Exactly as written, set down the lines from the top of the entries through the line bearing "Im Folgenden haben", with every picture left out.

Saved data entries
┌──
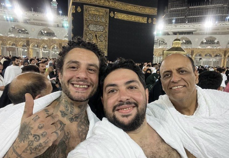 حيث ظهر أحمد الفيشاوي، وهو يرتدي ملابس الإحرام التى أظهرت حجم التاتوهات التى قام برسمها على جسده.
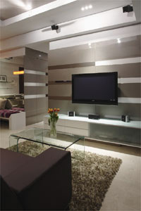 設(shè)計師為公寓客廳選擇線條簡潔的紫褐色沙發(fā),透明的玻璃茶幾。飯廳里特別定做的長凳子,配搭上艷麗的紫紅色坐墊,叫飯廳亮麗起來。
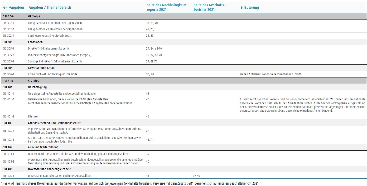 Im Folgenden haben wir die wichtigsten nichtfinanziellen Kennzahlen in tabellarischer Form zusammengestellt, sowie den Inhaltsindex der Global Reporting Initiative GRI aufgeführt aus dem hervor geht an welchem Stellen in diesem Bericht Informationen zu finden sind, die den Anforderungen der GRI entsprechen. Zusätzlich haben wir den Vermerk des Wirtschaftsprüfers aufgeführt, der diesen Bericht einer unabhängigen Prüfung mit begrenzter Sicherheit unterzogen hat.
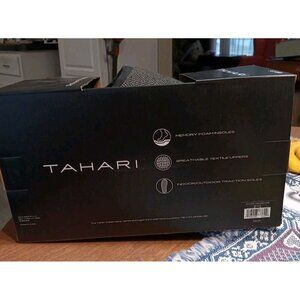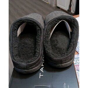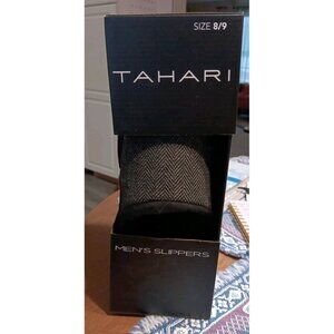 These are men's Tahari slippers in size 8/9, featuring a black with grey herringbone pattern. They have a slip-on style with a round toe and synthetic outsole. The slippers are lined with faux fur and have memory foam for added comfort. Suitable for winter, summer, fall, and spring seasons. The upper material is a blended fabric with a textile lining.
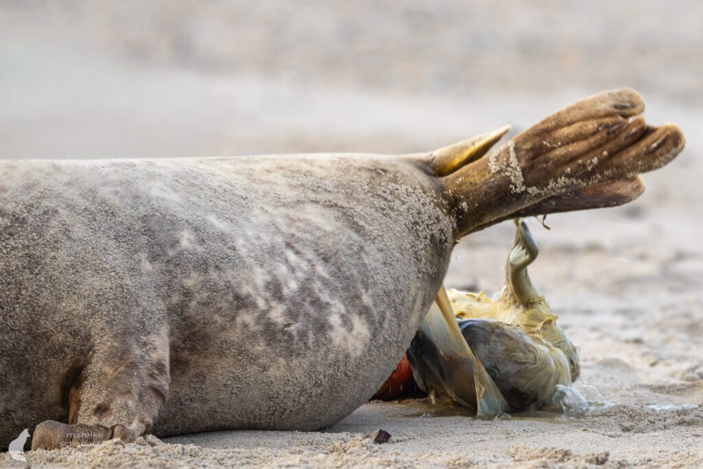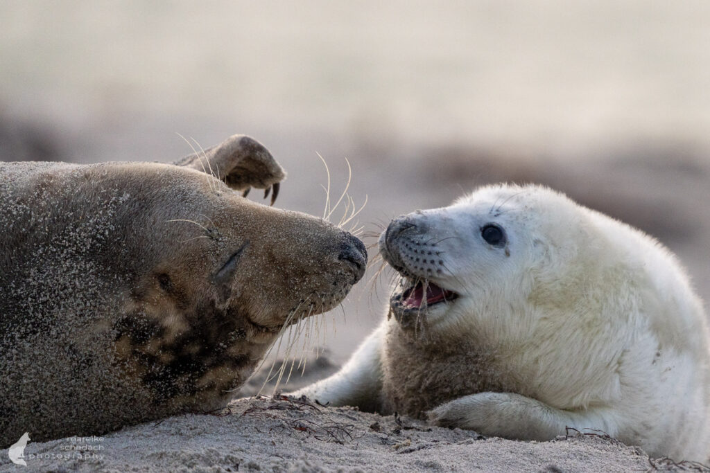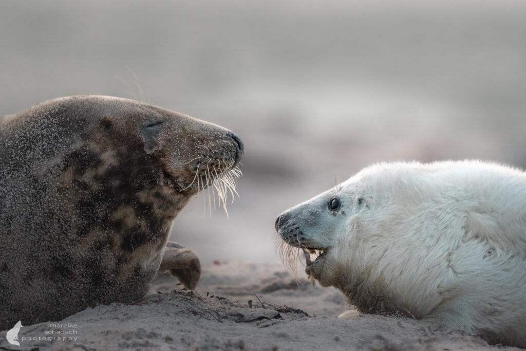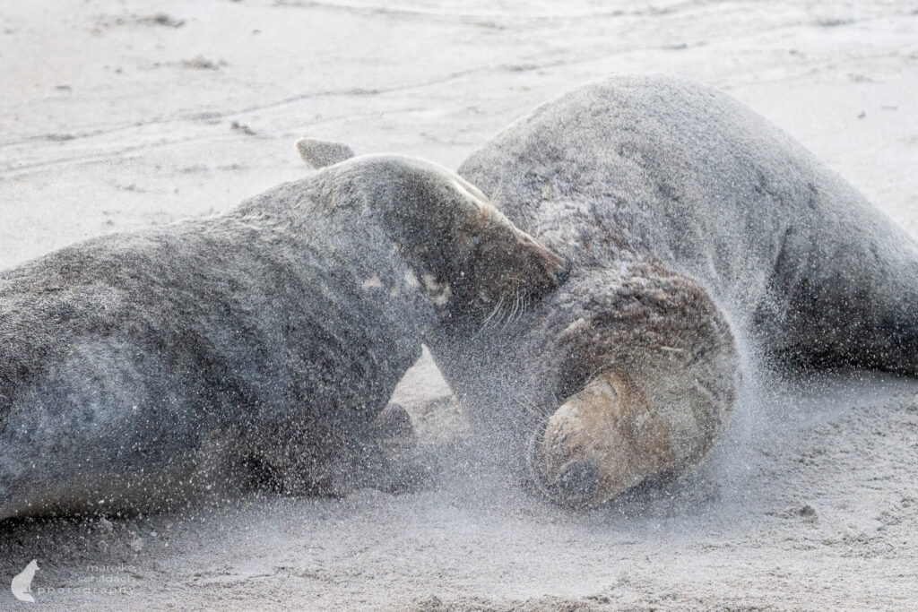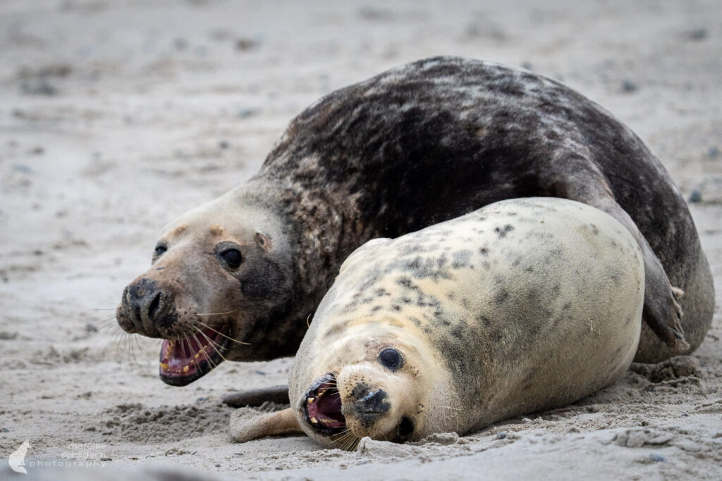 Die Wurfzeit reicht von November bis Januar. Als ich Anfang Dezember auf Helgoland-Düne war, waren bereits etwa 700 Jungtiere geboren und es gab viele verschiedene Altersstufen. Die besten Chancen, eine Geburt zu sehen, hat man Ende November.
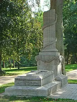 Das Schlossensemble auf der Insel liegt inmitten eines kleinen Schlossparks. Von dem ursprünglichen Barockgarten, der das Mirower Schloss umgab, ist fast nichts erhalten. Der heutige Park ist im Stil englischer Landschaftsgärten gestaltet. Auf der „Liebesinsel“ liegen Grab und das Grabmal von Adolf Friedrich VI., des letzten Großherzogs des Landesteils Mecklenburg-Strelitz. Er starb im Februar 1918 unter ungeklärten Umständen und wurde seinem Testament von 1917 entsprechend, welches schon einen Entwurf für das Grabmal enthielt, auf der „Liebesinsel“ bestattet.
└──
▶ [TASK ANSWER]:
 حيث ظهر أحمد الفيشاوي، وهو يرتدي ملابس الإحرام التى أظهرت حجم التاتوهات التى قام برسمها على جسده.
 設(shè)計師為公寓客廳選擇線條簡潔的紫褐色沙發(fā),透明的玻璃茶幾。飯廳里特別定做的長凳子,配搭上艷麗的紫紅色坐墊,叫飯廳亮麗起來。
 Im Folgenden haben wir die wichtigsten nichtfinanziellen Kennzahlen in tabellarischer Form zusammengestellt, sowie den Inhaltsindex der Global Reporting Initiative GRI aufgeführt aus dem hervor geht an welchem Stellen in diesem Bericht Informationen zu finden sind, die den Anforderungen der GRI entsprechen. Zusätzlich haben wir den Vermerk des Wirtschaftsprüfers aufgeführt, der diesen Bericht einer unabhängigen Prüfung mit begrenzter Sicherheit unterzogen hat.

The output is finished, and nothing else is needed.